Description of the task
Among the records below, find the line with "이와 같이 FirstActivity" and the line with "- Water, glucose". Set down both and every line between, exactly and with no pictures, but nothing else.

Supplied data
※ ※ ※
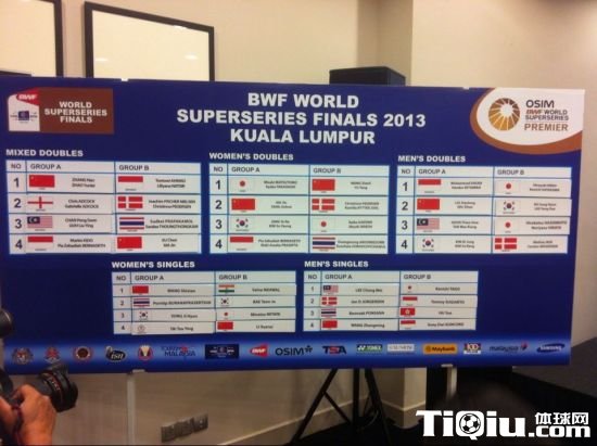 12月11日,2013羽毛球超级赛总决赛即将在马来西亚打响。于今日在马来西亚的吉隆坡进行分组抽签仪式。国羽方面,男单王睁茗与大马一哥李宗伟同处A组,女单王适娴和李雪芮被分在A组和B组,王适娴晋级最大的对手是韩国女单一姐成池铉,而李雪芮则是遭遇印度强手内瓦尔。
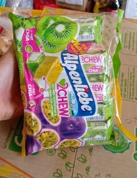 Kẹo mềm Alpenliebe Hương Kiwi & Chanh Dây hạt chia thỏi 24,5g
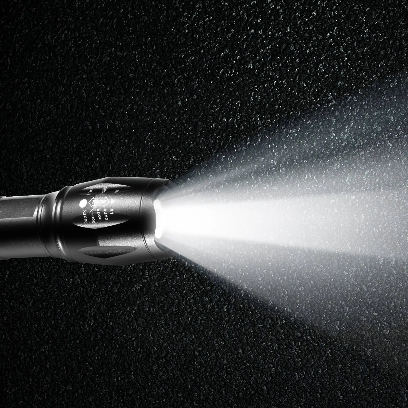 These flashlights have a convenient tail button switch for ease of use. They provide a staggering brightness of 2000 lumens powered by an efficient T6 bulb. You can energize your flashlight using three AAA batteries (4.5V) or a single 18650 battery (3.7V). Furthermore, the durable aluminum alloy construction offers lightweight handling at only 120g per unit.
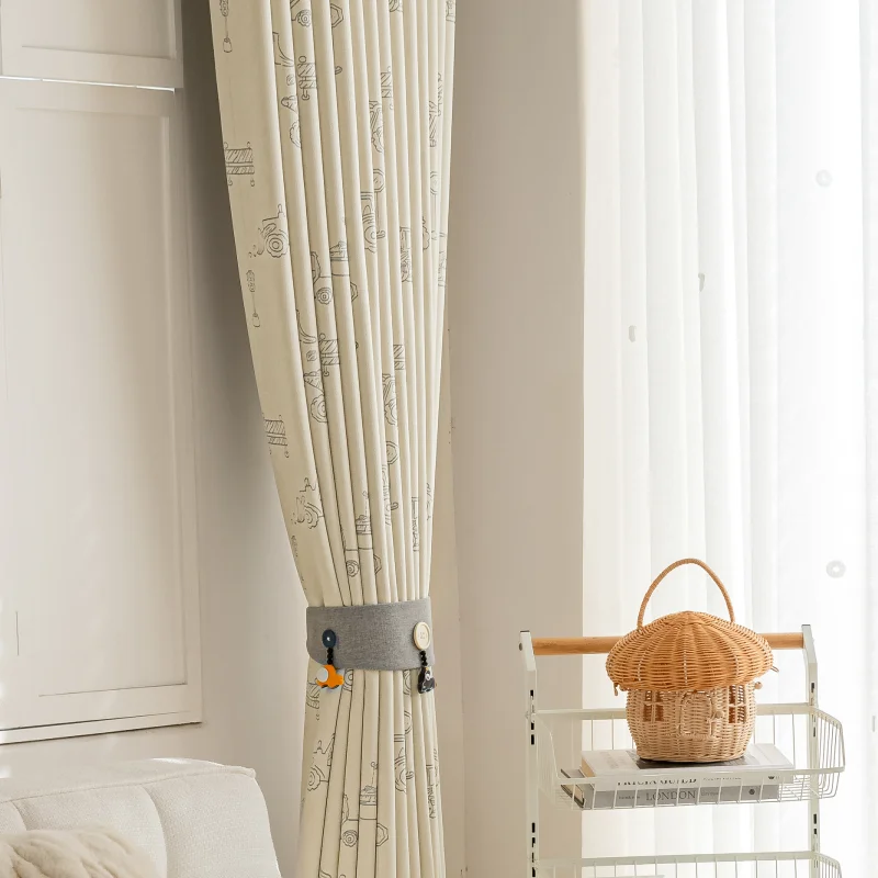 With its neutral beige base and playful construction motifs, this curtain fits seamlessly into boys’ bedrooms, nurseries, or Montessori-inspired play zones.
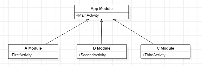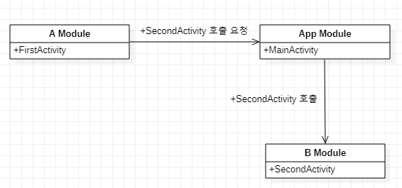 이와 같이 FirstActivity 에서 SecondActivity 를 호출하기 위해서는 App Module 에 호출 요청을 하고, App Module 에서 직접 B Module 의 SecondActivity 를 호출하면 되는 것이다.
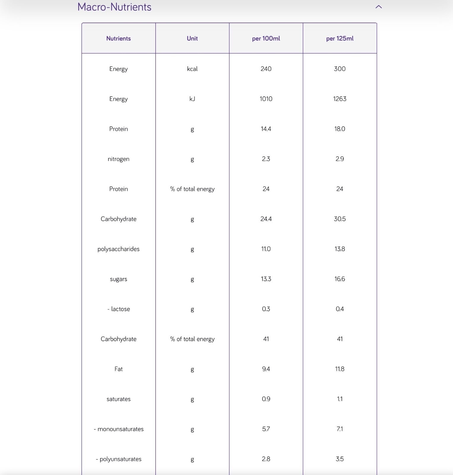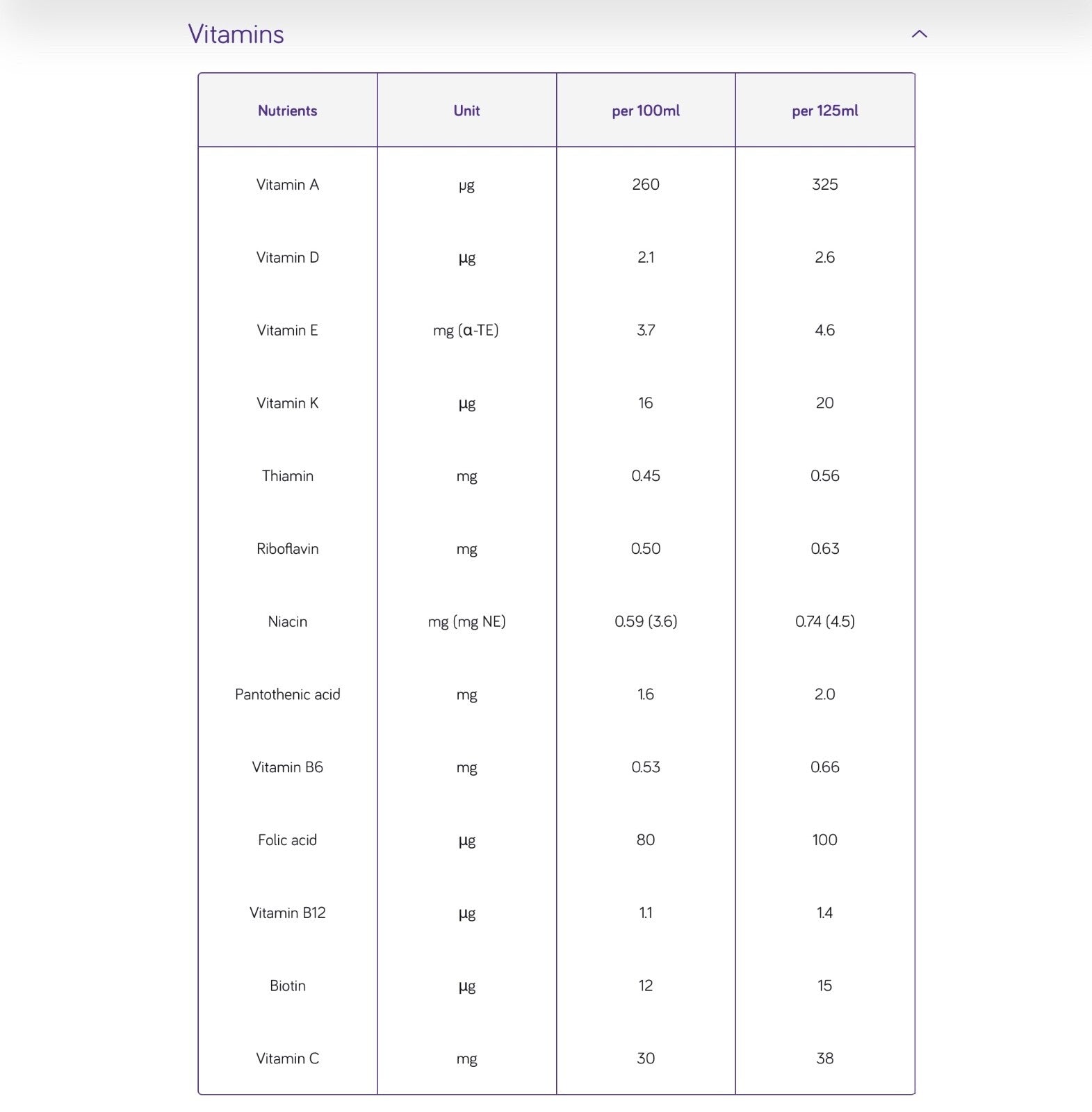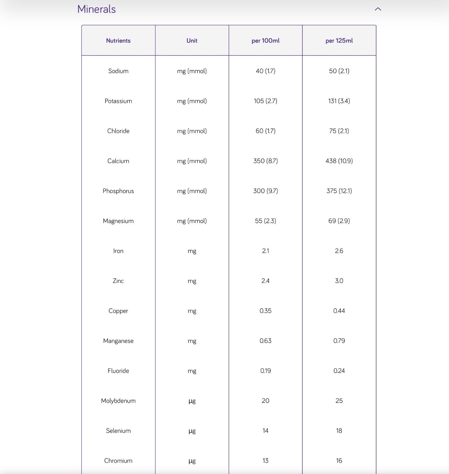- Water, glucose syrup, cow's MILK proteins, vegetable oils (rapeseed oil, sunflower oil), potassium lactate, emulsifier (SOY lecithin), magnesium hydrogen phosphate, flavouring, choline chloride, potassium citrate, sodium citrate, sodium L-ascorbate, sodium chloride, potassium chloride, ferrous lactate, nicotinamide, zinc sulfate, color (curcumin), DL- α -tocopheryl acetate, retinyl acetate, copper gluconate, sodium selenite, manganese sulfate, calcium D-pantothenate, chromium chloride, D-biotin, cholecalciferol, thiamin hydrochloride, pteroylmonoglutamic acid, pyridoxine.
※ ※ ※
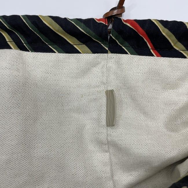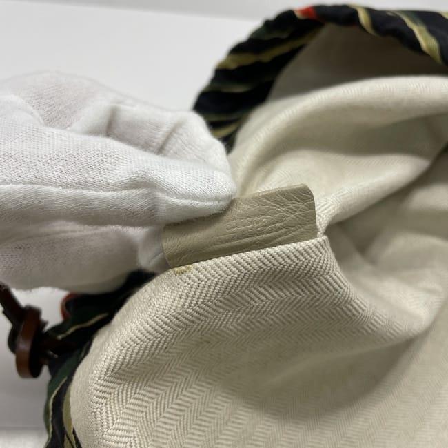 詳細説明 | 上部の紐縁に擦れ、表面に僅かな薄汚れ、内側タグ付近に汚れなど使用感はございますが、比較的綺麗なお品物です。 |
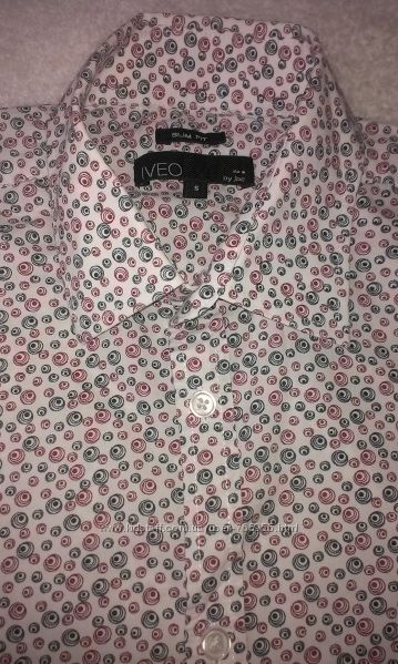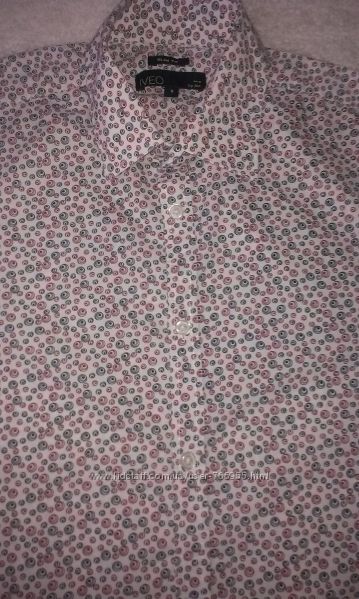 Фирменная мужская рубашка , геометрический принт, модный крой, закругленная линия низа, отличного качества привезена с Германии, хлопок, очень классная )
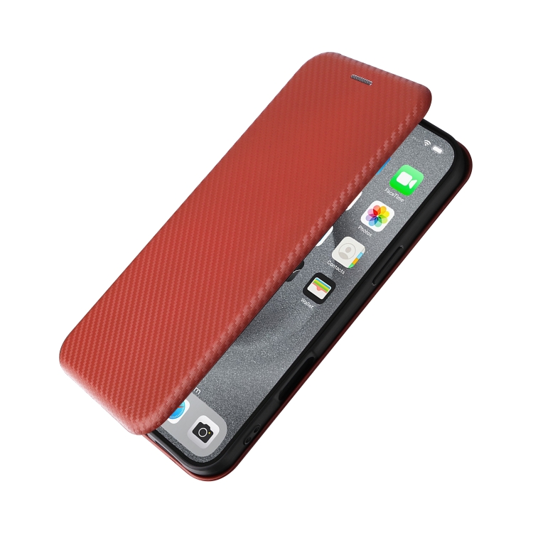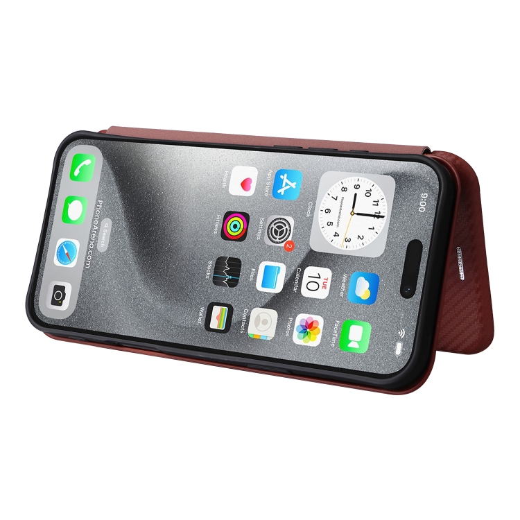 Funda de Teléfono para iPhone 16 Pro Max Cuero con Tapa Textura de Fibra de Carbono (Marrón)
※ ※ ※
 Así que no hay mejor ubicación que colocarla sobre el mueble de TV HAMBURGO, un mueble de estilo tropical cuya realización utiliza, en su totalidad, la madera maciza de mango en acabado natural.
※ ※ ※
Written response
 이와 같이 FirstActivity 에서 SecondActivity 를 호출하기 위해서는 App Module 에 호출 요청을 하고, App Module 에서 직접 B Module 의 SecondActivity 를 호출하면 되는 것이다.
- Water, glucose syrup, cow's MILK proteins, vegetable oils (rapeseed oil, sunflower oil), potassium lactate, emulsifier (SOY lecithin), magnesium hydrogen phosphate, flavouring, choline chloride, potassium citrate, sodium citrate, sodium L-ascorbate, sodium chloride, potassium chloride, ferrous lactate, nicotinamide, zinc sulfate, color (curcumin), DL- α -tocopheryl acetate, retinyl acetate, copper gluconate, sodium selenite, manganese sulfate, calcium D-pantothenate, chromium chloride, D-biotin, cholecalciferol, thiamin hydrochloride, pteroylmonoglutamic acid, pyridoxine.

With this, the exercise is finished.